Quel roman cherches tu?

mardi 16 septembre 2014

Quelques chroniques en quelques mots

Je vous présente ce soir quelques romans lus mais dont la chronique ne sera qu'un bref commentaire...
Appréciez les ou non, mais ces romans ont malgré tout une histoire.


En avril 1927, alors qu'elle vient de triompher dans sa première Norma parisienne, Carlotta Delmont disparaît. Fugue, suicide, enlèvement ? Pendant deux semaines, la police, la presse, le public et les proches de la cantatrice américaine s'interrogent. Jusqu'à ce qu'elle reparaisse et que leurs interrogations se reportent sur les raisons de sa fuite. Où était-elle pendant tout ce temps ? Avec qui ?

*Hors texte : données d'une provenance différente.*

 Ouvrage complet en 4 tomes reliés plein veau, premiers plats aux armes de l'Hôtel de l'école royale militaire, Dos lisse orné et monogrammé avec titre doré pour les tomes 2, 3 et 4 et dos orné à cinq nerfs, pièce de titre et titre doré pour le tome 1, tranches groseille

Carlotta a fait l'objet de tant de commentaires et de théories qu'elle est devenue, à son corps défendant, une légende vivante à la croisée des regards et des désirs. Elle va payer très cher son moment de faiblesse et devoir sacrifier une part d'elle-même pour sa liberté, à l'image de ses héroïnes préférées.
Voici un premier roman que je n'ai pas pu terminer. Pourtant très court, je n'ai pas du tout réussi à m'intégrer à la plume de l'auteur ni à l'histoire. Très rapidement j'ai décroché pour ne plus avoir envie de reprendre cette histoire.
Entre correspondance, narration et coupures de presse, j'ai malheureusement trouvé le temps beaucoup trop long avec ce roman.

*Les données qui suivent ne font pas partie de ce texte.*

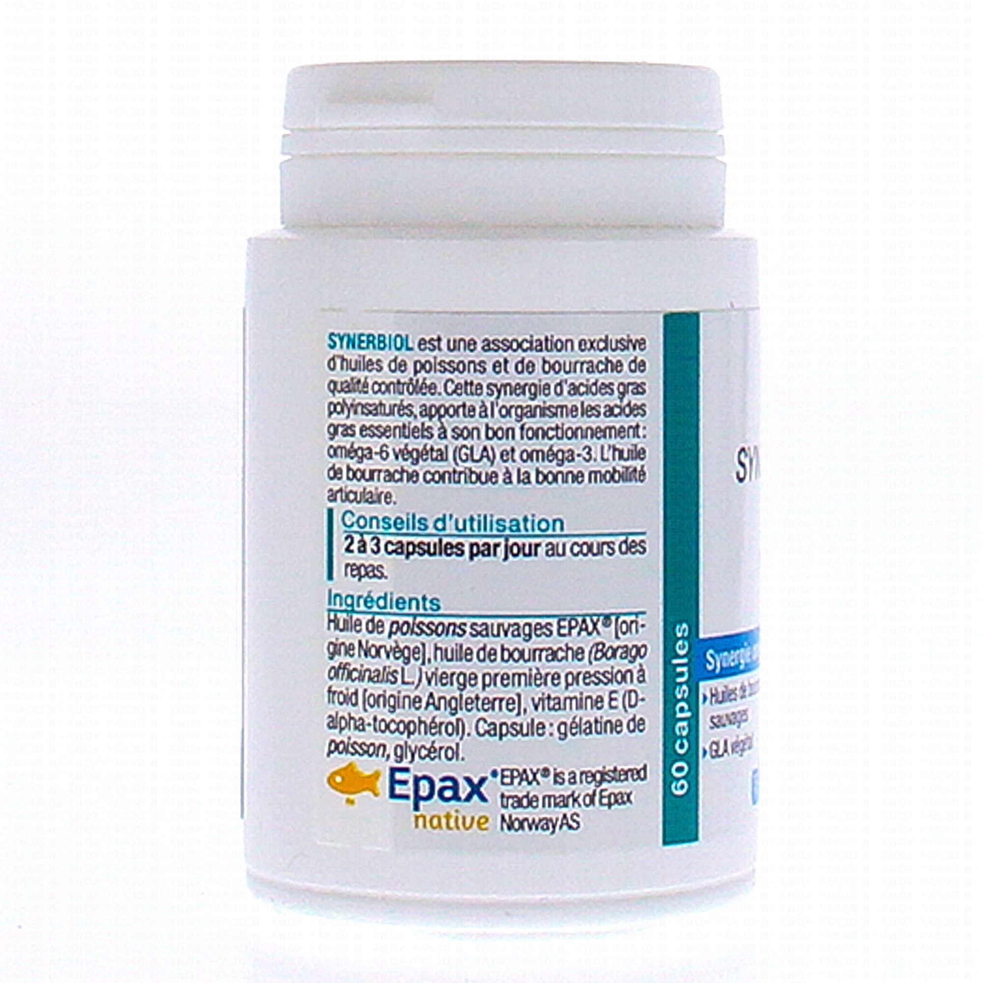 NUTERGIA Synerbiol est un complément alimentaire qui combine des oméga 3 issus d'huile de poissons sauvages, et des oméga 6 issus de l'huile de bourrache. L'huile de bourrache est riche en GLA, acide gras essentiel d'importance pour une peau saine: elle aide à maintenir votre peau fraîche et hydratée.

Rome, été 1492. Une époque troublée pour la chrétienté, qui s'est rendue coupable quelques mois auparavant de promulguer l'édit décrétant l'expulsion de tous les Juifs d'Espagne. Mais la cité éternelle s'émeut moins de leur sort que de celui du pape, Innocent VIII, dont on dit qu'il est mourant. Cette nouvelle attise pourtant davantage les ambitions qu'elle ne suscite la prière.
Au service de la famille des Borgia depuis toujours, Francesca apprend la mort de son père (l'empoisonneur attitré de la famille) dans des circonstances douteuses. Commence alors pour elle une quête de vengeance, qui la pousse à prendre la suite de son père.
Ses recherches vont lui faire découvrir que l'expulsion des Juifs d'Espagne n'est que le prélude à des actes plus monstrueux encore et que le pape, à la santé déclinante, compte bien autoriser depuis le Vatican. Il s'agit à présent de le neutraliser, tout en aidant Rodrigo Borgia, son maître, à être élu pape par le conclave.
Ce roman semble être une petite pépite alors je vous présente ici un avant goût de mon avis. Oui j'ai lu une belle centaine de pages mais j'ai dû mettre ce roman de côté pour diverses raisons mais il me tarde vraiment de le reprendre et de m'y plonger.
La plume de l'auteur est sublime, incroyable et directement on est plongé dans l'histoire de Francesca pour laquelle j'ai beaucoup d'empathie.
En bref, si vous voulez en savoir plus, il faudra suivre mes aventures sur le blog car je compte le terminer prochainement.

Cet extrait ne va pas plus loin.